__Work task__. Repeat the listing below in full and exactly. Pictures are to be omitted.

__Task data__.

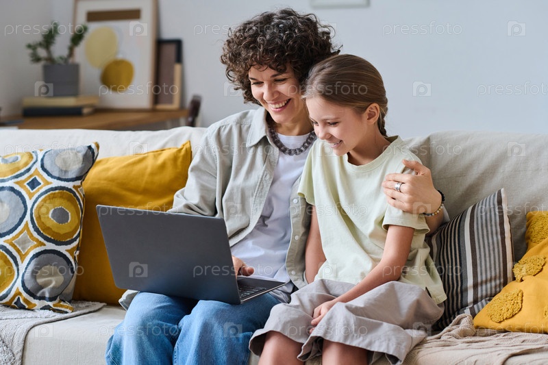 Женщина и девушка ведут видеозвонки на ноутбуке
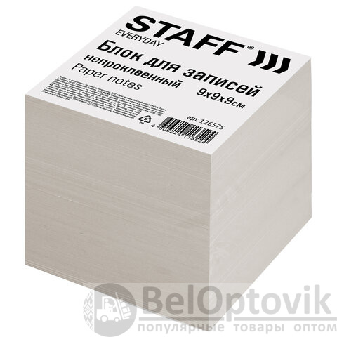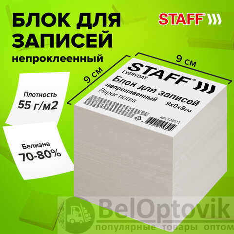 Блок для записей STAFF, непроклеенный, куб 9х9х9 см, белизна 70-80%, 126575
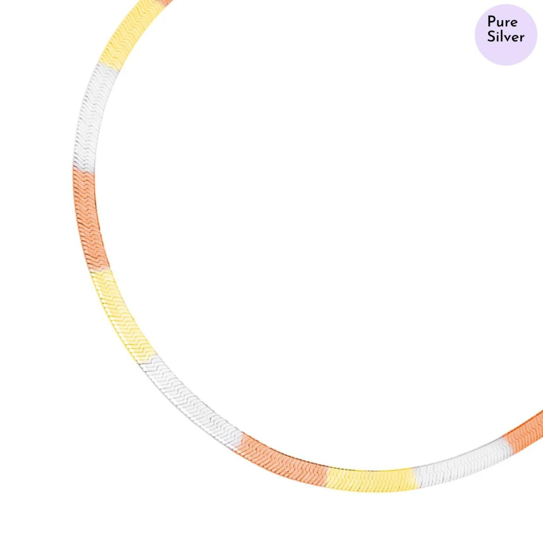 Elevate your everyday elegance with our 925 pure silver anklet, designed in a refined three-tone finish of silver, gold, and rose gold. The minimalist yet chic design sits gracefully on the ankle, making it perfect for both daily wear and special occasions.
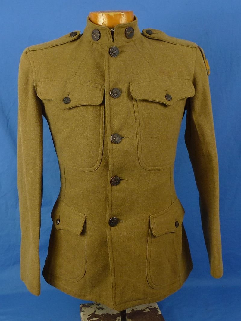 The wool tunic bears 'U.S.' and infantry branch collar disks. The shoulder carries the insignia of the 138th Infantry Regiment of the 35th Division, Lower on the left sleeve are two red chevrons, perhaps originally discharge chevrons that were used on the uniform in place of a conventional corporal rank chevron. Below this is a single overseas service chevron. The interior lining bears the handwritten name of 'W.S. Pitts'. The contractor label is retained beneath the hem of the lining. The tunic shows expected signs of age, but it is without holes, damage or repairs and it is in overall very good condition.
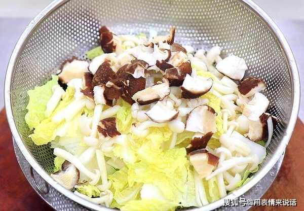 1.准备一棵白菜,切掉根部,把叶片一片一片掰下来,撕成小块清洗干净;白玉菇一小把,去除根部,把比较大的从中间撕开,清洗干净。
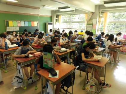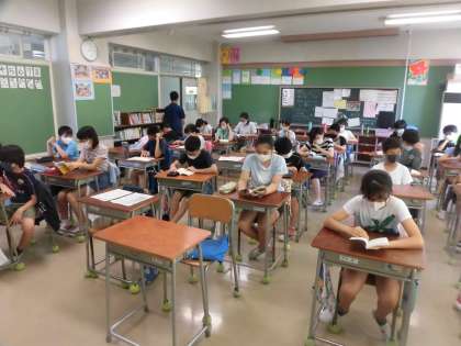 今日の朝読書の時間、子どもたちは、自分で用意した本や学級文庫の本の読書に親しんでいました。短い時間ですが、長年取り組んでいることから習慣化した読書活動となっていて、静かに読書する時間となっています。学級によっては、担任が読み聞かせを行うこともあります。(*写真は、6年1組と2組の様子です。)
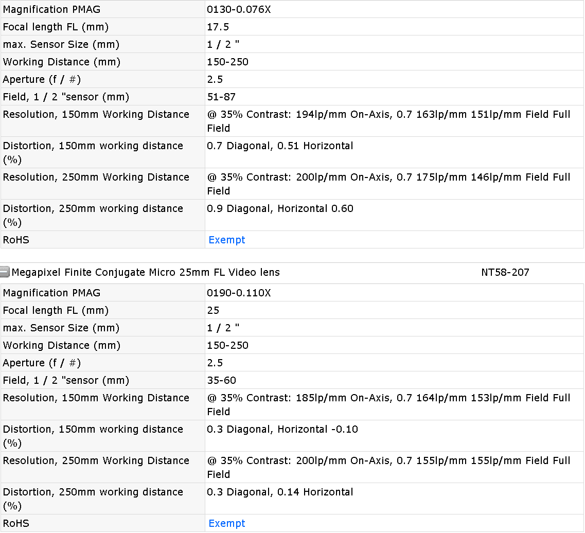 не видно как измерить коэффициенты F3, F5... Вот параметры двух объективов одной серии с фокусным расстоянием 17.5 мм и 25 мм(раньше я их уже приводил)
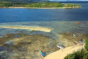 The Kangean Islands or simply Kangean (Indonesian: Kepulauan Kangean) is a collective name for a group of islands lying to the east of Madura. Kangean (the main island) and its surrounding islands lie to the north of Bali in the northern Bali Sea, to the northwest of the Lesser Sunda Islands (Nusa Tenggara),[3] and administratively they form three districts within Sumenep Regency, East Java Province. The group comprises a total of 91 islands including 27 inhabited islands. Kangean is located approximately 120 km (75 mi) in the north of Bali,[4] the northwest of Lombok, and 120 km east of Madura.[5] The biggest and most populous district is Arjasa, which includes the town of that name located in the west of the island. The Kangean Islands have a relatively large potential for natural resources, such as natural gas, teak, coconut, and salt production.[3]
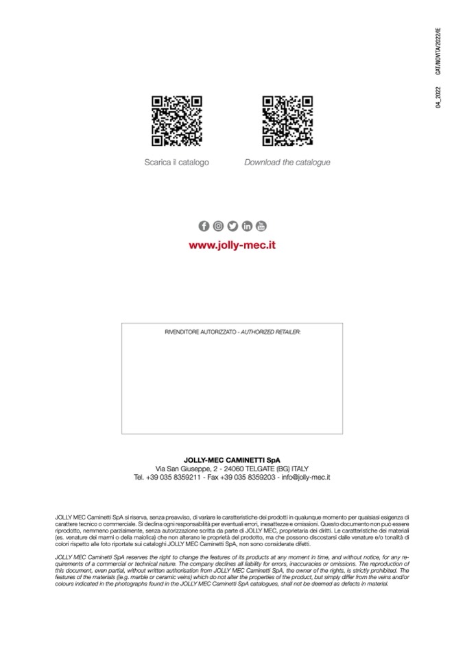 JOLLY MEC Caminetti SpA si riserva, senza preavviso, di variare le caratteristiche dei prodotti in qualunque momento per qualsiasi esigenza di
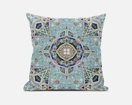 18" Aqua Blue Boho Chic Pattern Suede Throw Pillow
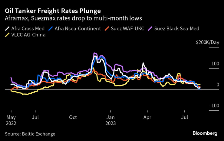 Цените на корабоплаването за кораби от средно големи Aframax до супертанкери се понижиха през последните месеци. Този ход съвпада с намаляването на производството в Саудитска Арабия и ограничаването на износа от Русия, като и двете трябва да влязат в сила през септември.
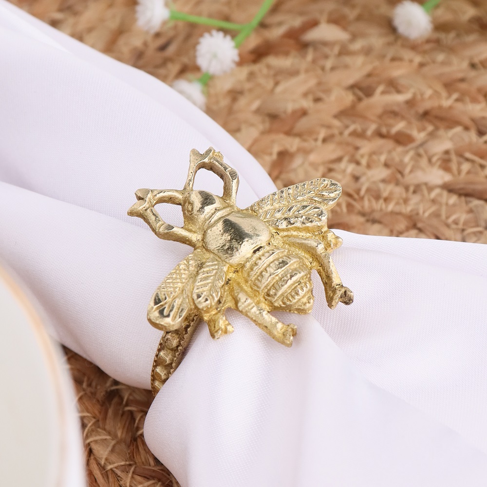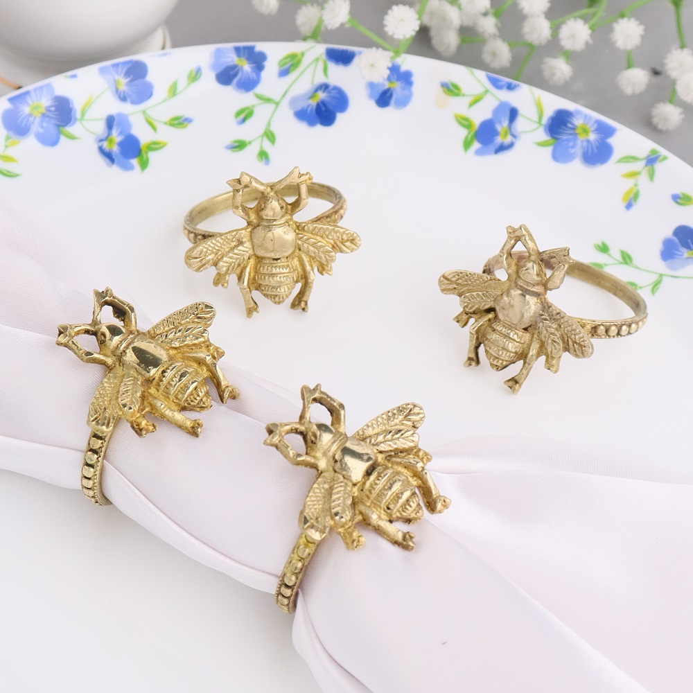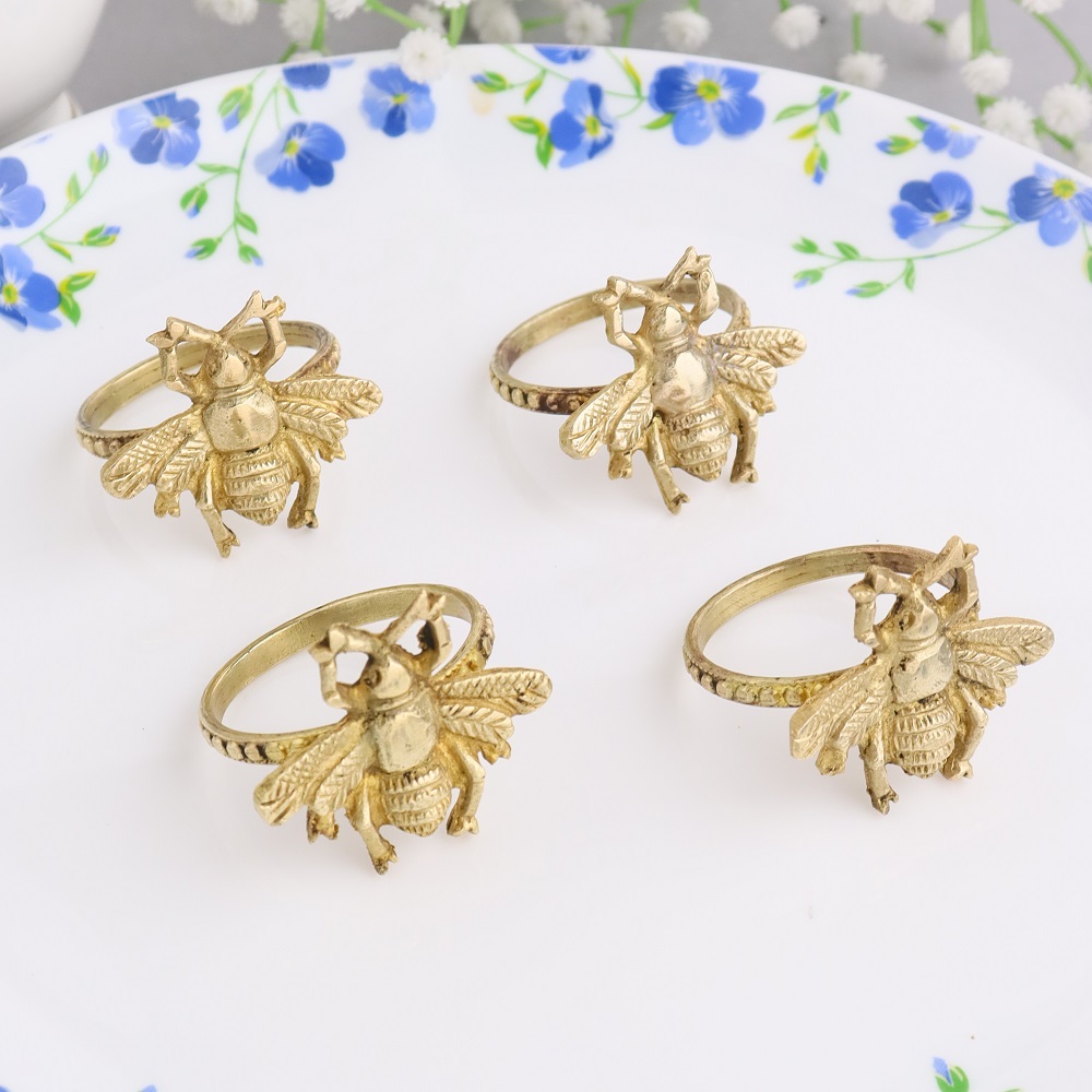Add an elegant touch to your dining experience with our exquisite set of 4 Brass Napkin Rings, adorned with charming Bee motifs. Crafted by talented Indian artisans, each napkin ring is a testament to the rich heritage of craftsmanship and attention to detail. The antique golden finish adds a touch of sophistication, making these napkin rings a perfect complement to any table setting. Handmade from high-quality brass, these napkin rings not only serve as a practical table accessory but also double up as beautiful pieces of art. The Bee design symbolizes wisdom, strength, and good luck, making them a meaningful addition to your dining decor. These versatile napkin rings are perfect for both casual family dinners and formal gatherings. They hold napkins in place, preventing them from slipping off the table and adding an element of finesse to the overall presentation. Beyond their functional use, these brass napkin rings make for a thoughtful and cherished gift for your loved ones. Whether it's a special occasion or a festive celebration, these exquisite napkin rings are a unique and heartfelt present that will be cherished for years to come.

__Task solution__.
 Женщина и девушка ведут видеозвонки на ноутбуке
 Блок для записей STAFF, непроклеенный, куб 9х9х9 см, белизна 70-80%, 126575
 Elevate your everyday elegance with our 925 pure silver anklet, designed in a refined three-tone finish of silver, gold, and rose gold. The minimalist yet chic design sits gracefully on the ankle, making it perfect for both daily wear and special occasions.
 The wool tunic bears 'U.S.' and infantry branch collar disks. The shoulder carries the insignia of the 138th Infantry Regiment of the 35th Division, Lower on the left sleeve are two red chevrons, perhaps originally discharge chevrons that were used on the uniform in place of a conventional corporal rank chevron. Below this is a single overseas service chevron. The interior lining bears the handwritten name of 'W.S. Pitts'. The contractor label is retained beneath the hem of the lining. The tunic shows expected signs of age, but it is without holes, damage or repairs and it is in overall very good condition.
 1.准备一棵白菜,切掉根部,把叶片一片一片掰下来,撕成小块清洗干净;白玉菇一小把,去除根部,把比较大的从中间撕开,清洗干净。
 今日の朝読書の時間、子どもたちは、自分で用意した本や学級文庫の本の読書に親しんでいました。短い時間ですが、長年取り組んでいることから習慣化した読書活動となっていて、静かに読書する時間となっています。学級によっては、担任が読み聞かせを行うこともあります。(*写真は、6年1組と2組の様子です。)
 не видно как измерить коэффициенты F3, F5... Вот параметры двух объективов одной серии с фокусным расстоянием 17.5 мм и 25 мм(раньше я их уже приводил)
 The Kangean Islands or simply Kangean (Indonesian: Kepulauan Kangean) is a collective name for a group of islands lying to the east of Madura. Kangean (the main island) and its surrounding islands lie to the north of Bali in the northern Bali Sea, to the northwest of the Lesser Sunda Islands (Nusa Tenggara),[3] and administratively they form three districts within Sumenep Regency, East Java Province. The group comprises a total of 91 islands including 27 inhabited islands. Kangean is located approximately 120 km (75 mi) in the north of Bali,[4] the northwest of Lombok, and 120 km east of Madura.[5] The biggest and most populous district is Arjasa, which includes the town of that name located in the west of the island. The Kangean Islands have a relatively large potential for natural resources, such as natural gas, teak, coconut, and salt production.[3]
 JOLLY MEC Caminetti SpA si riserva, senza preavviso, di variare le caratteristiche dei prodotti in qualunque momento per qualsiasi esigenza di
 18" Aqua Blue Boho Chic Pattern Suede Throw Pillow
 Цените на корабоплаването за кораби от средно големи Aframax до супертанкери се понижиха през последните месеци. Този ход съвпада с намаляването на производството в Саудитска Арабия и ограничаването на износа от Русия, като и двете трябва да влязат в сила през септември.
Add an elegant touch to your dining experience with our exquisite set of 4 Brass Napkin Rings, adorned with charming Bee motifs. Crafted by talented Indian artisans, each napkin ring is a testament to the rich heritage of craftsmanship and attention to detail. The antique golden finish adds a touch of sophistication, making these napkin rings a perfect complement to any table setting. Handmade from high-quality brass, these napkin rings not only serve as a practical table accessory but also double up as beautiful pieces of art. The Bee design symbolizes wisdom, strength, and good luck, making them a meaningful addition to your dining decor. These versatile napkin rings are perfect for both casual family dinners and formal gatherings. They hold napkins in place, preventing them from slipping off the table and adding an element of finesse to the overall presentation. Beyond their functional use, these brass napkin rings make for a thoughtful and cherished gift for your loved ones. Whether it's a special occasion or a festive celebration, these exquisite napkin rings are a unique and heartfelt present that will be cherished for years to come.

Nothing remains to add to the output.